If, indeed, that was Justice
Holmes’ idea of “civilized,” we shudder to think what he regards as uncivilized.
But shudder we will…
Let us consider, by way of
illustration, the concept of the caveman, that apocryphal amalgam of
prehistoric humans so often used to epitomize the unwashed, uncivilized
elements of mankind’s past. To what does this boorish troglodyte resort when it
comes to resolving complex matters of dispute? What is his go-to instrument for
dealing with the problem posed by, say, the natural scarcity of goods? With
what tool does he arbitrate over issues involving titles, rights and claims?
Like Justice Holmes, Captain
Caveman’s preferred instrument of justice is…a club. Force, in other words.
“It’s my way…or (insert oafish, baboon-like noises here) me club you to death.”
There is no opt-out here. No
choice. And therefore, it must be said, no freedom. As the author Salman
Rushdie (a man who spent a good deal of his life under threat of force and
violence from a particularly hysterical clutch of our fellow primates) once
remarked, “Freedom to reject is the only freedom.”
Justice Holmes may have liked
paying taxes. (He may have liked being flogged with a club, too. Who are we to
say?) But by mandating that others do likewise, by employing the force
of the state to ensure that they do, by denying them the freedom to reject the
state’s claim on their property and to defend themselves against it, he is
wielding the club — dangerously disguised as a gavel — of a decidedly uncivilized
version of “justice.”
There are, of course, those
questionless minds among us who take false refuge in such meaningless
platitudes as, “But…but…but it’s the law!” To which we reply, “What kind of law
is yours that seeks to endorse violence rather than to protect us from it?”
“The purpose of the law,”
observed classical liberal theorist, Frederic Bastiat, “is to prevent injustice
from reigning.” It is not to cause justice, in other words,
but to shield us from its opposing force. And how are we to know when a law has
fallen into the service of evil? The Frenchman offers this simple Litmus test:
"See if the law take from some persons what belongs to them, and gives it to other persons to whom it does not belong.
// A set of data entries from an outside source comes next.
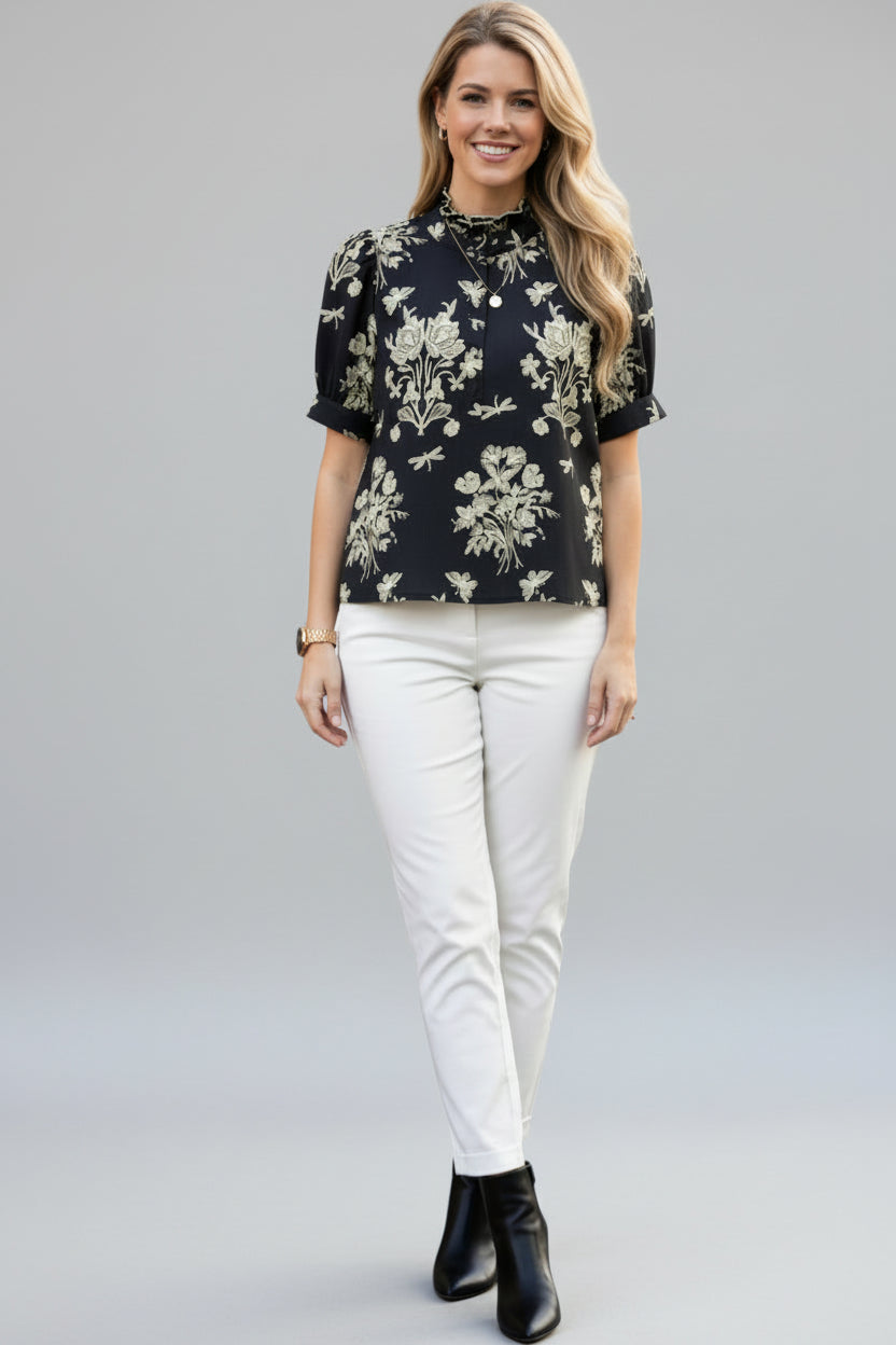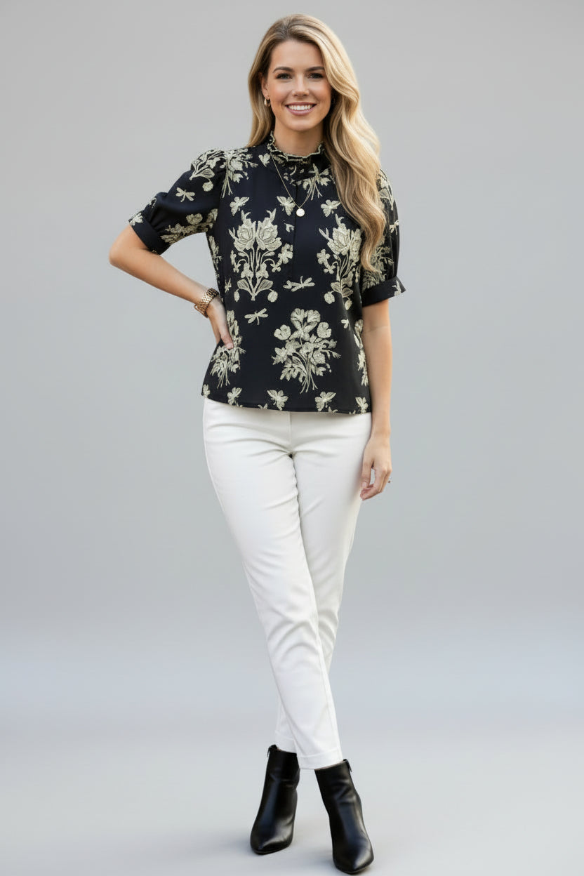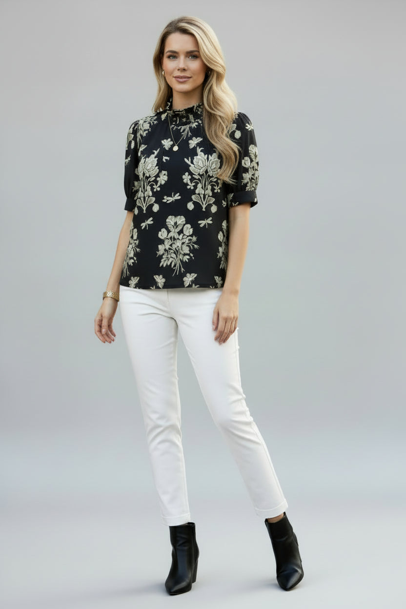 This elegant blouse features intricate floral detailing with a high collar and puff sleeves, offering a timeless look that’s perfect for both casual and semi-formal occasions. The soft fabric provides a comfortable fit, while the stylish design elevates any outfit. A versatile piece that pairs effortlessly with both skirts and pants. Ideal for adding a touch of sophistication to your wardrobe.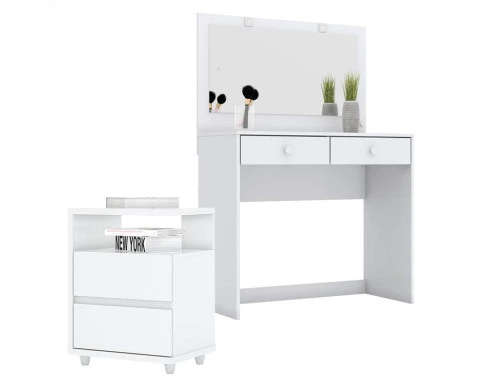 Penteadeira Daila com Led e Mesa de Cabeceira Campeche Branco - Henn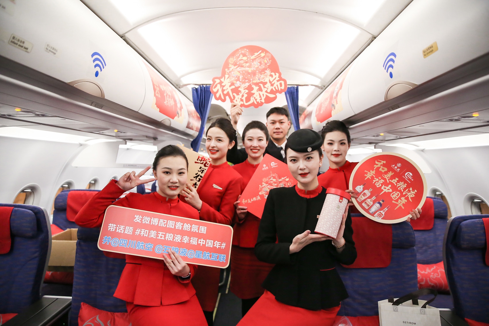 没有抽到春晚大奖的乘客也无需气馁,一场“蛇”我其谁互动活动,让幸运再次降临。在空乘的引导下,乘客们用带“蛇”同音或谐音的成语,给大家送上新春祝福。参与互动并回答正确的乘客可获得五粮液五福筒1个,本次航班共送出10个五福筒。“五粮液福筒是一款以福筒为造型的创意产品,寓意着福气满门、财气满桶,象征着福运满满、财源滚滚。希望能借此款礼品,带给乘客们喜庆和好运。”五粮液公司相关负责人说。
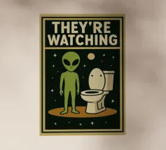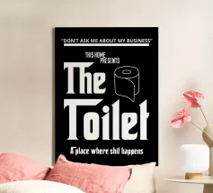 Il testo bianco in grassetto su sfondo nero presenta in modo umoristico un messaggio relativo alla toilette, con una rappresentazione giocosa di un rotolo di carta igienica. La frase "Don't ask me about my business" aggiunge un tono comico al design.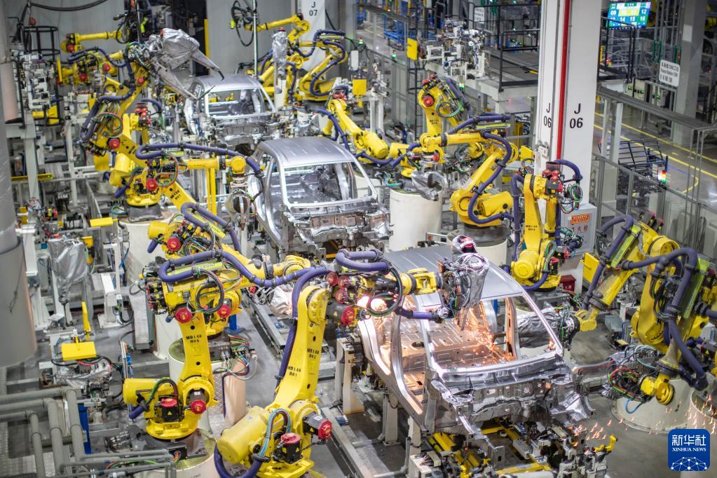 重慶一家新能源汽車企業(yè)使用智能化焊接機(jī)器人進(jìn)行焊接作業(yè)(2021年4月2日攝)。新華社記者 黃偉 攝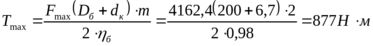 где d – диаметр вала; dmax – наибольший допустимый размер отверстия в полумуфте или втулке; Tном – номинальный момент муфты по каталогу; Tmax – наибольший момент, передаваемый муфтой.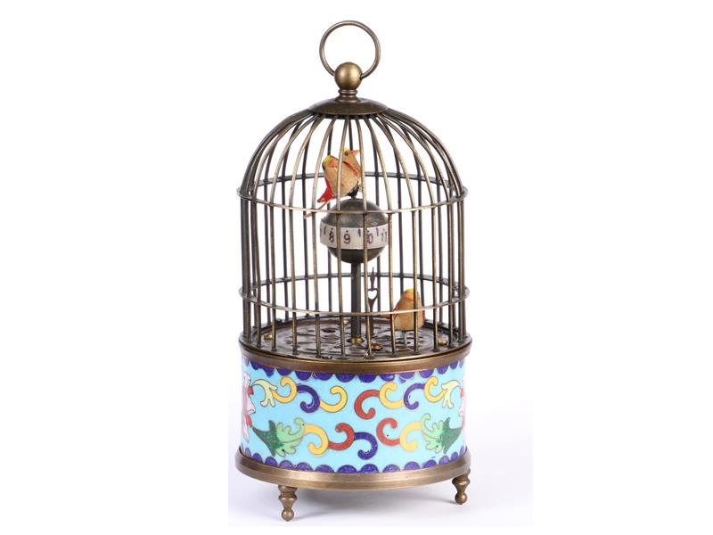 KUŞ KAFESİ FORMUNDA, KURMALI VE HAREKETLİ. KAFES ALT KISMI SOĞUK MİNE İŞÇİLİKLİ. H 18 CM.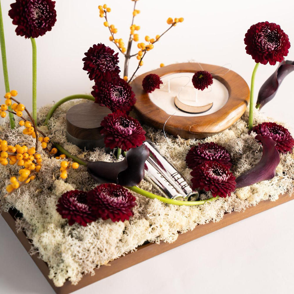 هذه الباقة تحتوي على تنسيق أنيق من زهور الجيربيرا والكالا ليلي باللون العنابي وتتضمن شمعة خشبية طبيعية، معمول 3 تولة وزجاجة عطر جون اند بلو سعتها 30 مل، ليكون هدية مثالية لشهر رمضان المبارك.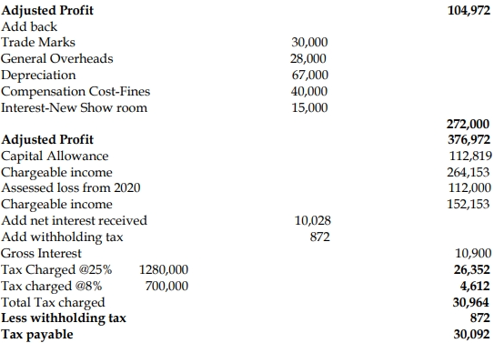 d) Compute any other tax liability apart from the company tax. (1 mark)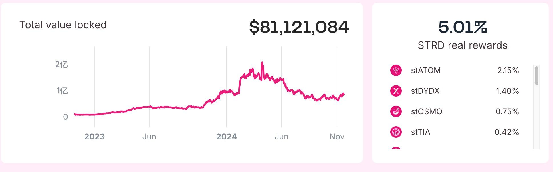 根据官方数据统计,目前Stride 的总锁仓量超过8000万美元,是从23年10月底开始快速增长。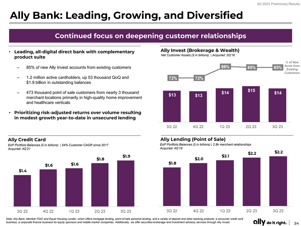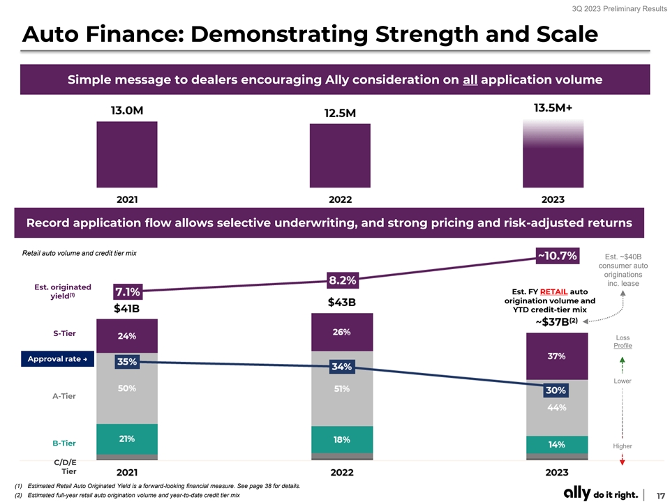 | “Our leading franchises continue to demonstrate the benefits of scale and strength we’ve built over the past decade. Across Dealer Financial Services we decisioned a record 3.7 million consumer applications, driving $10.6 billion of originations at attractive risk-adjusted returns and Insurance earned $324 million of premiums, the highest since 2009. At Ally Bank, we reached 3 million retail deposit customers, including 95 thousand new customers in the quarter. Retail deposits totaled $140 billion and 92% of balances are FDIC insured. These results are a testament to the strong execution against our strategic priorities as we head into the final quarter of 2023.”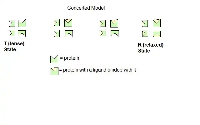 There are two models that describe and give explanation of the cooperativity binding of ligands. The first model is the concerted model (MWC model) states that there are only two possible forms in which protein can exist. It is either T (tense) or R (relaxed) state. The process of the addition of ligands shifts the protein from T state to R state. In the example of the hemoglobin protein, the deoxy form is in T state, but the addition of the oxygen ligands to the active sites of the protein, transfers hemoglobin into the oxy form which corresponds to the R state.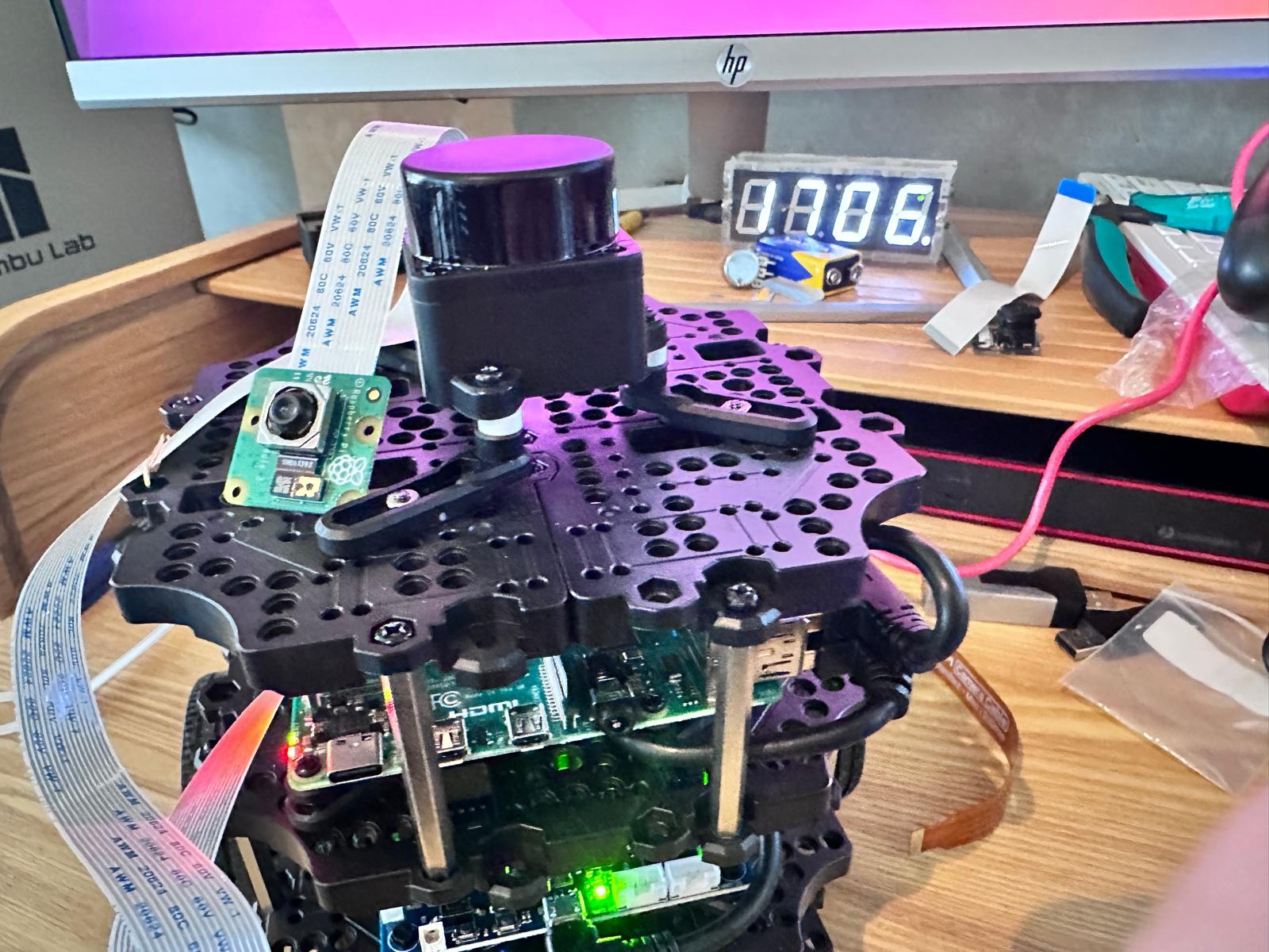 Onderaan zit het OpenCR 1.0-board. Dat is de motorcontroller die de Dynamixels aanstuurt en tegelijk als brug fungeert tussen de Raspberry Pi en de hardware. Daarboven de Raspberry Pi 4B met 4GB RAM — verbonden via USB met de OpenCR en de LiDAR.
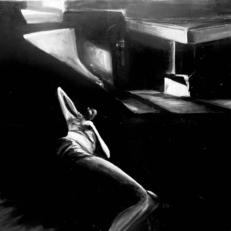 A series of expressive figurative works exploring form, movement, and emotional depth through color, shadow, and abstraction.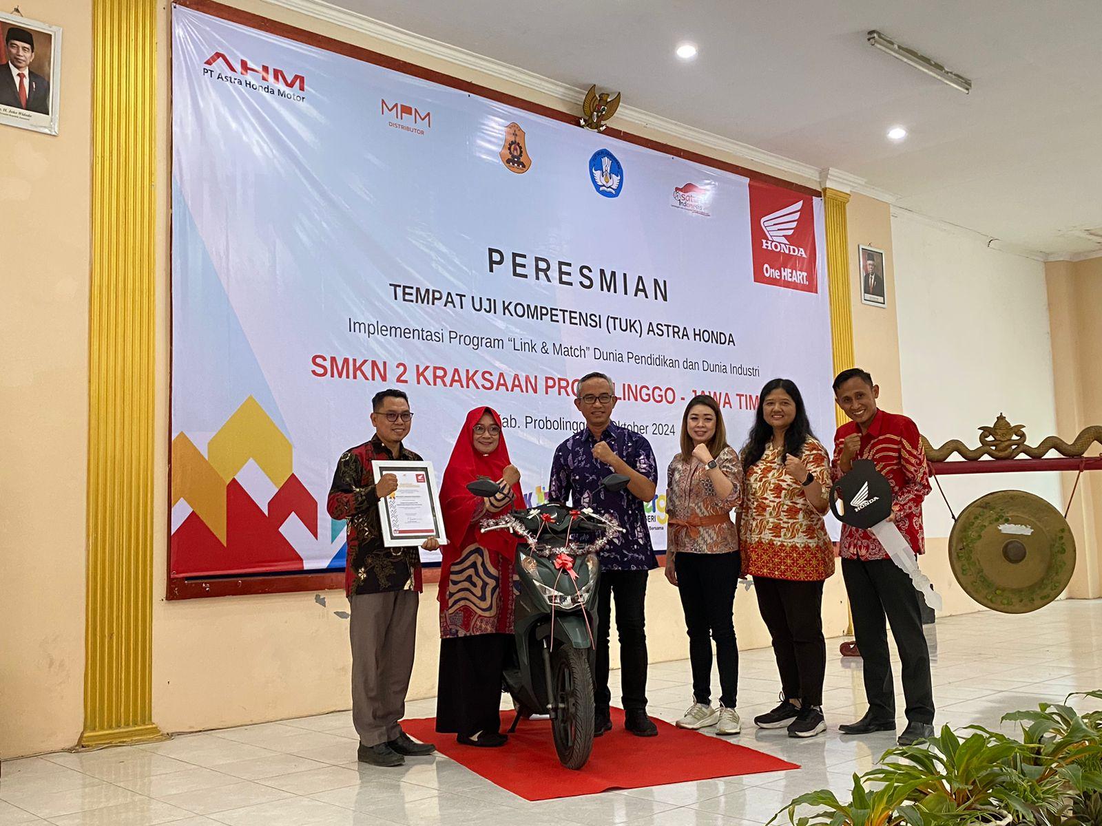 Komitmen untuk mendukung pengembangan keterampilan generasi muda terutama di bidang otomotif, PT. Mitra Pinasthika Mulia (MPM Honda Jatim) distributor sepeda motor Honda wilayah jatim & NTT meresmikan Tempat Uji Kompetensi (TUK) Astra Honda baru yang dirancang khusus untuk memberikan kesempatan bagi siswa sekolah menengah kejuruan (SMK) untuk mengasah keterampilan mereka dalam bidang otomotif yaitu SMKN 1 Jatirejo Mojokerto dan SMKN 2 Kraksaan Probolinggo.

See if the law benefits one citizen at the expense of another by doing what that citizen himself cannot do without committing a crime."
And if we find the state of
affairs to be as such? Bastiat urges us to “abolish this law without delay, for
it is not only an evil itself, but it is a fertile source for further evils
because it invites reprisals.”
For Holmes and his wretched
ilk, the difference between “them” and “us,” between savage and civilized, is
not to be found in the distance between war and peace, between force and
voluntarism, between slavery and freedom. His is a civilization measured in
degrees according to the size and efficacy of the agent of force…and the
sickening pleasure its beggarly subjects derive in forever dwelling on the
harsh receiving end of it.
Of course, the liberty-minded
recognize immediately, almost instinctively, that no amount of initiated force
is ever tolerable in a truly just and civilized society. Indeed, this is the
core tenet of the Non-Aggression Principle. Writes noted free market
economist, Walter Block, on the subject:
The non-aggression axiom is
the lynchpin of the philosophy of libertarianism. It states, simply, that it
shall be legal for anyone to do anything he wants, provided only that he not
initiate (or threaten) violence against the person or legitimately owned
property of another.
In stark contrast to this
fundamental bedrock of freedom, Justice Holmes not only implicitly advocates
the use of force…but explicitly revels in it as a kind of privilege for which
to be eternally thankful.
Wherever this core principle
is endorsed, it betrays in its proponents a profound disgust for the human
species, a disgust so visceral that it compels, urges, lusts even, for their
ownership over and enslavement of others…all for the slaves’ own good, of
course.
The impulse to own and to be
owned is rooted in a foul and reprehensible sociopathy, one forged from a deep
self-loathing, at once slavish and brutal. As such, it stands in special need
of constant and public denunciation, of fierce, unapologetic and uncompromising
resistance by all who strive to further the cause of liberty.